The input
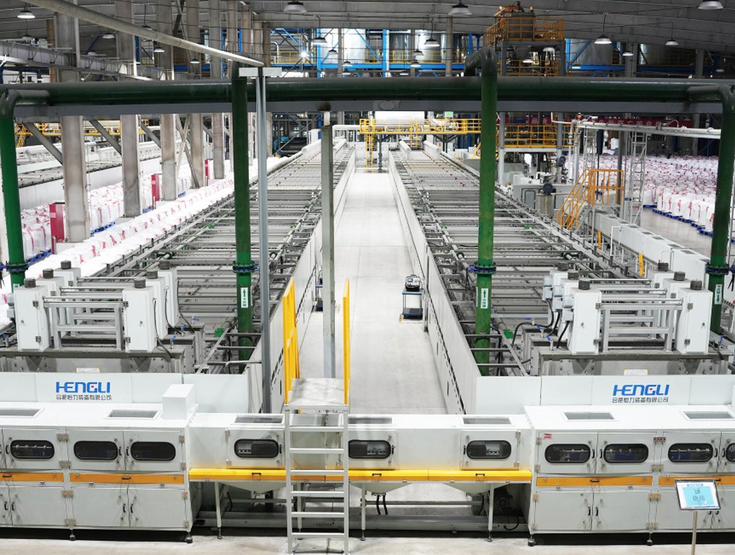 2、大产能:六列三层百米,单台年产能可?万吨左右(工艺不同会有差别):/p>
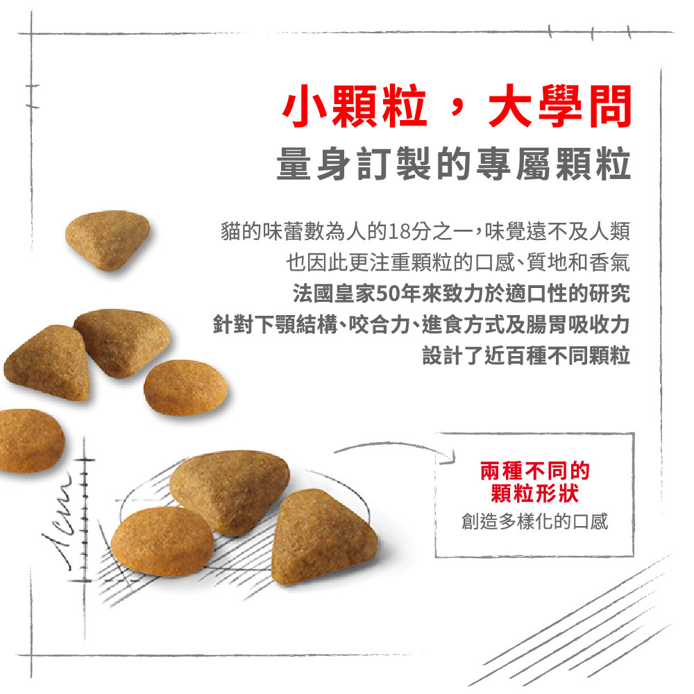 絕佳口感: 兩種不同形狀及質地的顆粒(不同蛋白質含量),獨特的口感,融入牠的口中,搭配完整的營養成份,滿足貓咪的口欲。
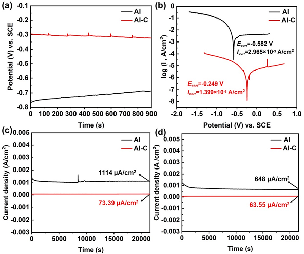 Al和Al- C在高温(60℃)下的开路电位和极化曲线如图5所示。60℃酸性溶液中Al-C的Ecorr值为-0.249 V, icorr值降至1.399×10-6 A/cm2。正的Ecorr值和低的icorr值表明,在酸性环境中非晶碳涂层增强了铝合金的耐蚀性。在超过20000s恒电位极化测试后,Al和Al- C样品都呈现稳定的电流密度。经过长期极化测试,Al- C样品在酸性溶液中表现出比Al合金更低的电流密度,证实其稳定的耐腐蚀性能。
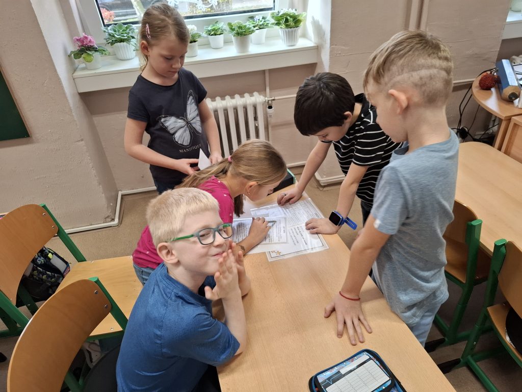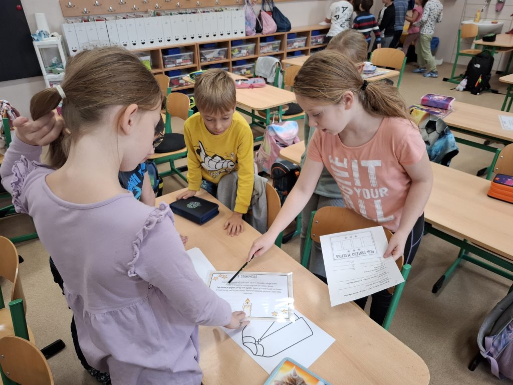 Matematická zdatnost byla prověřena na druhém stanovišti. Žáci počítali ikonické symboly svátku – husy, rohlíčky, lucerny.
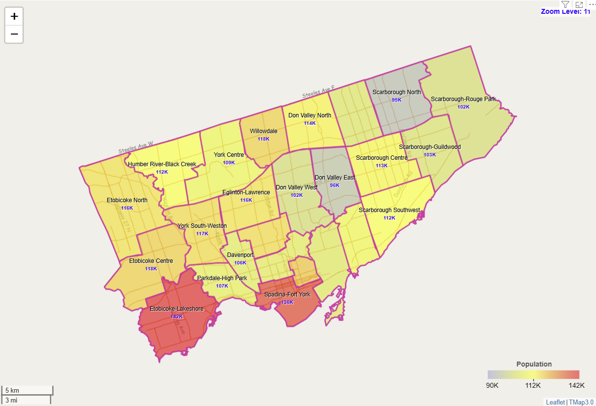 You can add 5 reference layers to TMap at most. The following is an example map including top symbol layer (population), linked polygon layer (wards) and 3 reference layers (main roads, parks and recreation facility study area, and air conditioned and cool spaces) for the City of Toronto, Canada.
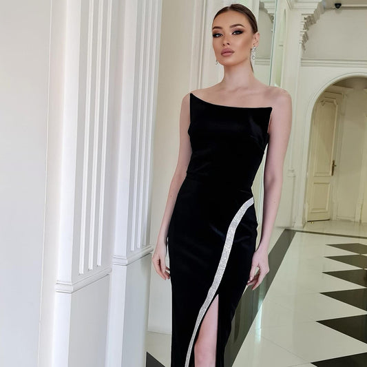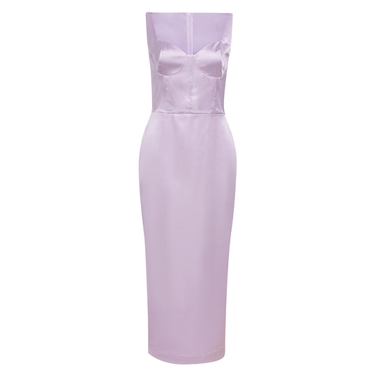 Strapless Silver Trim Midi Velvet Dress HV8881
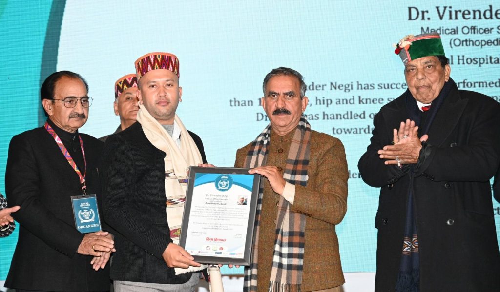 मुख्यमंत्री ठाकुर सुखविन्द्र सिंह सुक्खू ने पीटरहॉफ में प्रतिष्ठित दैनिक समाचार पत्र द्वारा आयोजित ‘डॉक्टर्स अवार्ड 2025’ समारोह की अध्यक्षता की।इस अवसर पर मुख्यमंत्री ने कहा कि वर्तमान में समाचार पत्र लोगों को सूचनाएं उपलब्ध करवाने के साथ-साथ जीवन में बेहतर प्रदर्शन करने और आगे बढ़ने के लिए बेहतर मंच प्रदान कर रहे हैं।यह समाचार पत्र महिलाओं और युवाओं को विभिन्न प्रेरणादायक कार्यक्रमों के माध्यम से मंच प्रदान कर रहा है और ‘डॉक्टर्स अवार्ड 2025’ भी ऐसा ही एक मंच है।मुख्यमंत्री ने एचओडी नेफ्रोलॉजी एम्स बिलासपुर के प्रो.(डॉ.)संजय विक्रांत,अटल इंस्टीट्यूट ऑफ मेडिकल सुपर स्पेशियलिटीज शिमला के प्रिंसिपल,प्रोफेसर एवं प्रमुख प्रो.(डॉ.)बृज शर्मा,राष्ट्रीय आयुर्वेद संस्थान जयपुर के कुलपति प्रो.संजीव शर्मा,एआईएमएसएस चमियाना के प्रोफेसर एवं प्रमुख न्यूरोलॉजी डॉ.सुधीर शर्मा,आईजीएमसी शिमला के रूमेटोलॉजिस्ट(मेडिसिन विभाग) के डॉ.विकास शर्मा,एआईएमएसएस चमियाना के एसोसिएट प्रोफेसर यूरोलॉजी डॉ.कैलाश बरवाल,पंडित जवाहर लाल नेहरू राजकीय चिकित्सा महाविद्यालय चंबा के एचओडी ऑर्थोपेडिक्स डॉ.मणिक सहगल,टांडा के न्यूरोसर्जन (ब्रेन एवं स्पाइन विशेषज्ञ)डॉ.मुकेश कुमार,टांडा के सहायक प्रोफेसर रीनल ट्रांसप्लांट सर्जरी डॉ.अमित शर्मा,जोनल अस्पताल मंडी के मेडिकल ऑफिसर स्पेशलिस्ट (ऑर्थोपेडिक्स)डॉ.वीरेंद्र नेगी,जोनल अस्पताल मंडी के मेडिकल ऑफिसर स्पेशलिस्ट (ओबीजी)डॉ.वरुण कपूर,जोनल अस्पताल मंडी के मेडिकल ऑफिसर स्पेशलिस्ट(जनरल सर्जरी) डॉ.दीपक ठाकुर,क्षेत्रीय अस्पताल रिकांगपिओ,किन्नौर के मेडिकल ऑफिसर स्पेशलिस्ट(जनरल सर्जरी)डॉ.भारतेन्दु नागेश,अभिनम आई केयर सेंटर सोलन के विशेषज्ञ डॉ.अभिराज कुमार को उनकी निःस्वार्थ एवं असाधारण स्वास्थ्य सेवाओं के लिए सम्मानित किया गया।
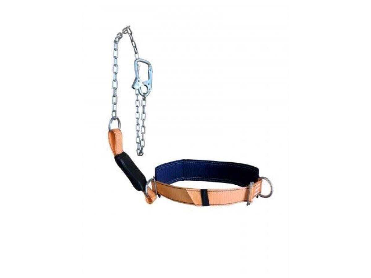 Состоит из ремня с пряжкой, кушака и двух D-колец для присоединения стропа. Удерживающая система оснащена стропом из стальной цепи (строп Г) с монтажным карабином.
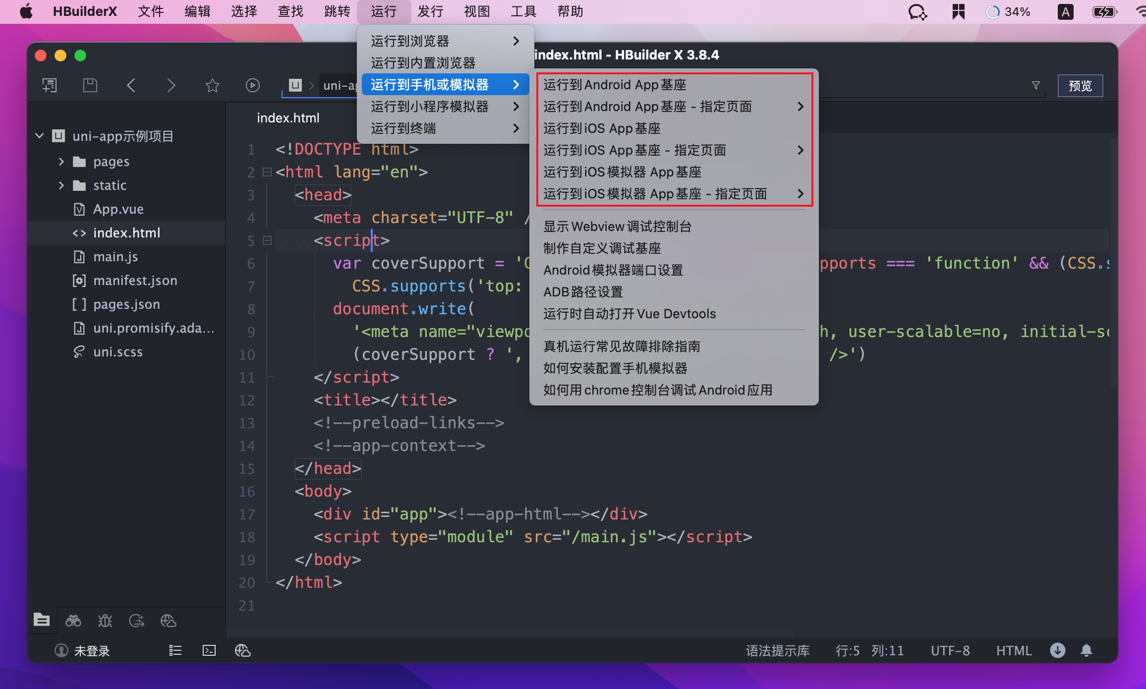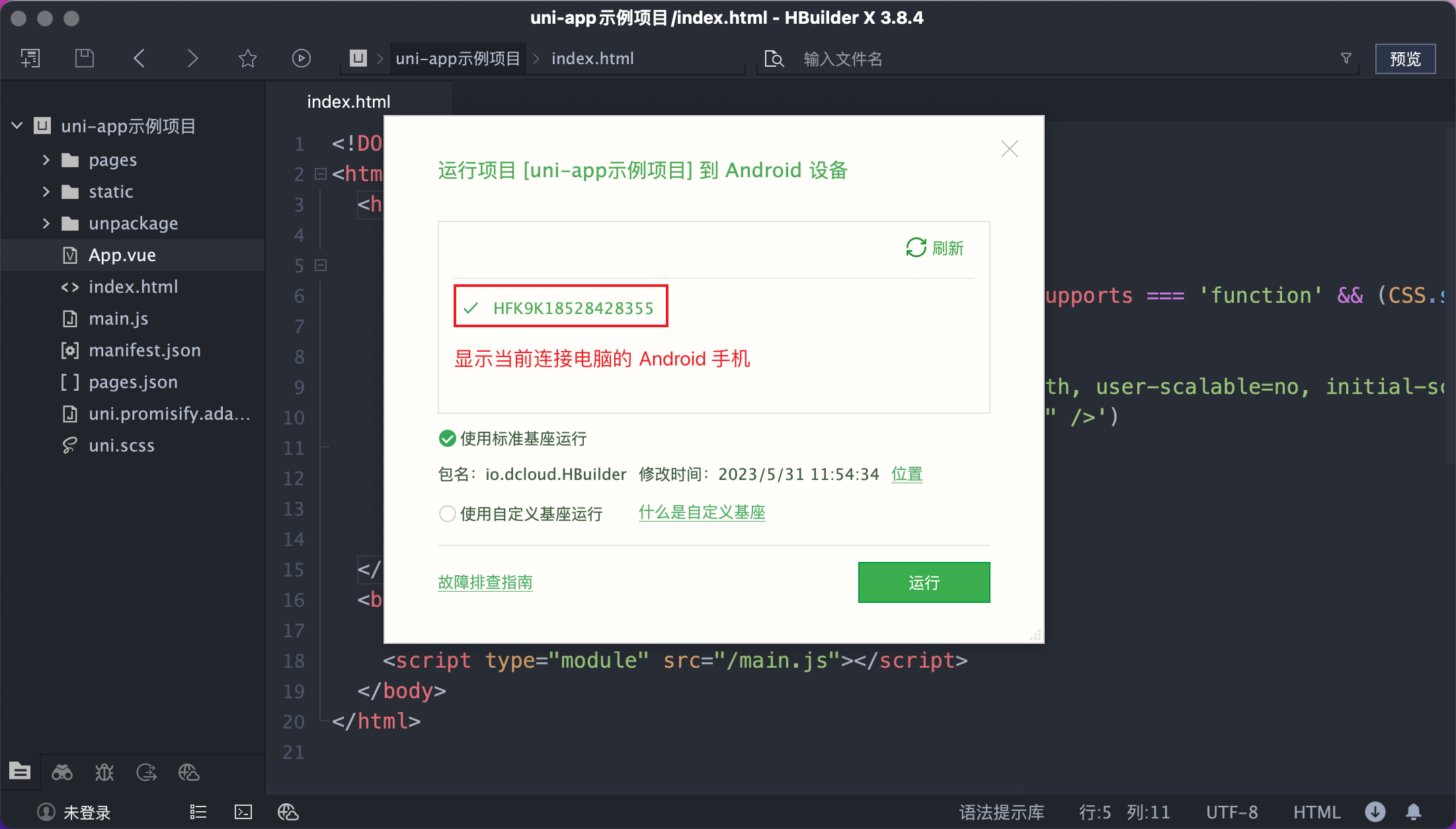 以上的步骤都是准备工作,接下来回到 HBuilder X 中,选择【运行】=>【运行到 Android App 基座】
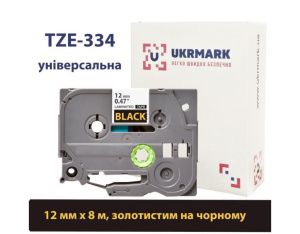 Стрічка для принтера етикеток UKRMARK B-T334P, ламінована, 12мм х 8м, gold on black, аналог TZe334 (900556)

Goal of the exercise
Please give back exactly, and with no pictures, the lines from where the listing above begins through the line containing "Strapless Silver Trim".

Answer box
 2、大产能:六列三层百米,单台年产能可?万吨左右(工艺不同会有差别):/p>
 絕佳口感: 兩種不同形狀及質地的顆粒(不同蛋白質含量),獨特的口感,融入牠的口中,搭配完整的營養成份,滿足貓咪的口欲。
 Al和Al- C在高温(60℃)下的开路电位和极化曲线如图5所示。60℃酸性溶液中Al-C的Ecorr值为-0.249 V, icorr值降至1.399×10-6 A/cm2。正的Ecorr值和低的icorr值表明,在酸性环境中非晶碳涂层增强了铝合金的耐蚀性。在超过20000s恒电位极化测试后,Al和Al- C样品都呈现稳定的电流密度。经过长期极化测试,Al- C样品在酸性溶液中表现出比Al合金更低的电流密度,证实其稳定的耐腐蚀性能。
 Matematická zdatnost byla prověřena na druhém stanovišti. Žáci počítali ikonické symboly svátku – husy, rohlíčky, lucerny.
 You can add 5 reference layers to TMap at most. The following is an example map including top symbol layer (population), linked polygon layer (wards) and 3 reference layers (main roads, parks and recreation facility study area, and air conditioned and cool spaces) for the City of Toronto, Canada.
 Strapless Silver Trim Midi Velvet Dress HV8881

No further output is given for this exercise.